Wang Yishu, Wang Lin, Yang Dejie, Deng Minghua
Center for Quantitative Biology, Peking University, Beijing 100871, China.
Institute of Computing Technology, Chinese Academy of Science, Beijing 100190, China.
Methods. 2014 Jun 1;67(3):269-77. doi: 10.1016/j.ymeth.2014.03.032. Epub 2014 Apr 6.
Epistatic Miniarray Profiles (EMAP) enable the research of genetic interaction as an important method to construct large-scale genetic interaction networks. However, a high proportion of missing values frequently poses problems in EMAP data analysis since such missing values hinder downstream analysis. While some imputation approaches have been available to EMAP data, we adopted an improved SVD modeling procedure to impute the missing values in EMAP data which has resulted in a higher accuracy rate compared with existing methods.

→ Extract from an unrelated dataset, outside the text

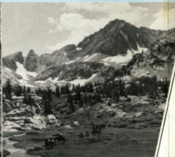
Glaciers of the past carved this perfect vacation spot

The improved SVD imputation method adopts an effective soft-threshold to the SVD approach which has been shown to be the best model to impute genetic interaction data when compared with a number of advanced imputation methods. Imputation methods also improve the clustering results of EMAP datasets. Thus, after applying our imputation method on the EMAP dataset, more meaningful modules, known pathways and protein complexes could be detected.
While the phenomenon of missing data unavoidably complicates EMAP data, our results showed that we could complete the original dataset by the Soft-SVD approach to accurately recover genetic interactions.
上位性微阵列图谱(EMAP)作为构建大规模遗传相互作用网络的重要方法,能够用于遗传相互作用的研究。然而,在EMAP数据分析中,高比例的缺失值经常带来问题,因为这些缺失值会阻碍下游分析。虽然已有一些插补方法可用于EMAP数据,但我们采用了一种改进的奇异值分解(SVD)建模程序来插补EMAP数据中的缺失值,与现有方法相比,该方法具有更高的准确率。
改进的SVD插补方法对SVD方法采用了有效的软阈值,与许多先进的插补方法相比,该方法已被证明是插补遗传相互作用数据的最佳模型。插补方法还改善了EMAP数据集的聚类结果。因此,在将我们的插补方法应用于EMAP数据集后,可以检测到更有意义的模块、已知途径和蛋白质复合物。
虽然数据缺失现象不可避免地使EMAP数据复杂化,但我们的结果表明,我们可以通过软SVD方法完成原始数据集,以准确恢复遗传相互作用。